As an old Unix hand myself, I don't make this claim lightly; I've been wrestling with it for a couple of weeks now. Nor am I suggesting we ought to drop what we're doing and hare off in a new direction. What I am suggesting is that Linus and the other kernel architects should be taking a hard look at this stuff and thinking about it. It may take a while for all the implications to sink in. They're huge.

What comes after Unix will, I now believe, probably resemble at least in concept an experimental operating system called EROS. Full details are available at <http://www.eros-os.org/>, but for the impatient I'll review the high points here.

EROS is built around two fundamental and intertwined ideas. One is that all data and code persistence is handled directly by the OS. There is no file system. Yes, I said *no file system*. Instead, everything is structures built in virtual memory and checkpointed out to disk every so often (every five minutes in EROS). Want something? Chase a pointer to it; EROS memory management does the rest.

The second fundamental idea is that of a pure capability architecture with provably correct security. This is something like ACLs, except that an OS with ACLs on a file system has a hole in it; programs can communicate (in ways intended or unintended) through the file system that everybody shares access to.

Capabilities plus checkpointing is a combination that turns out to have huge synergies. Obviously programming is a lot simpler -- no more hours and hours spent writing persistence/pickling/marshalling code. The OS kernel is a lot simpler too; I can't find the figure to be sure, but I believe EROS's is supposed to clock in at about 50K of code.

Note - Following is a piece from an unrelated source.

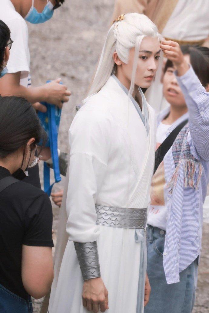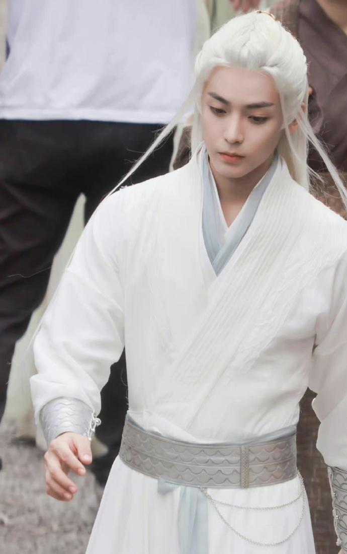 他的冷白皮配上白发,眉宇间的英气十分的足,身材比例也是十分的绝,一股仙侠剧的氛围直接拉满,整个人的仪态也是超级仙。

Here's another: All disk I/O is huge sequential BLTs done as part of checkpoint operations. You can actually use close to 100% of your controller's bandwidth, as opposed to the 30%-50% typical for explicit-I/O operating systems that are doing seeks a lot of the time. This means the maximum I/O throughput the OS can handle effectively more than doubles. With simpler code. You could even afford the time to verify each checkpoint write...

Here's a third: Had a crash or power-out? On reboot, the system simply picks up pointers to the last checkpointed state. Your OS, and all your applications, are back in thirty seconds. No fscks, ever again!

And I haven't even talked about the advantages of capabilities over userids yet. I would, but I just realized I'm running out of time -- gotta get ready to fly to Seattle tomorrow to upset some stomachs at Microsoft.

www.eros-os.org (http://www.eros-os.org) . Eric sez check it out. Mind-blowing stuff once you've had a few days to digest it.

Alan Cox noticed this in the EROS mailing list archives: "The EROS license requires that it be possible for me or my designates to do proprietary releases." But Eric hinted that he might have some influence over that aspect of things, in the future.

There was a lively debate about the technical virtues of EROS. A lot of people felt it didn't represent any sort of new idea, but was very interesting in its current form. Alan was particularly impressed by the security model (he also read pretty much every EROS doc in existence).

On sort of a side topic, Rik van Riel felt that the PC (i.e. the "monolithic computer") would soon go extinct, taking UNIX, Eros, Microsoft OS, etc., with it. He pointed to Alliance OS (http://www.allos.org/) , a distributed system based on message passing, as the wave of the future.

Linus Torvalds replied:

That's a classic thing said by "OS Research People".

And it's complete crap and idiocy, and I'm finally going to stand up and ask people to THINK instead of repeating the old and stinking dogma.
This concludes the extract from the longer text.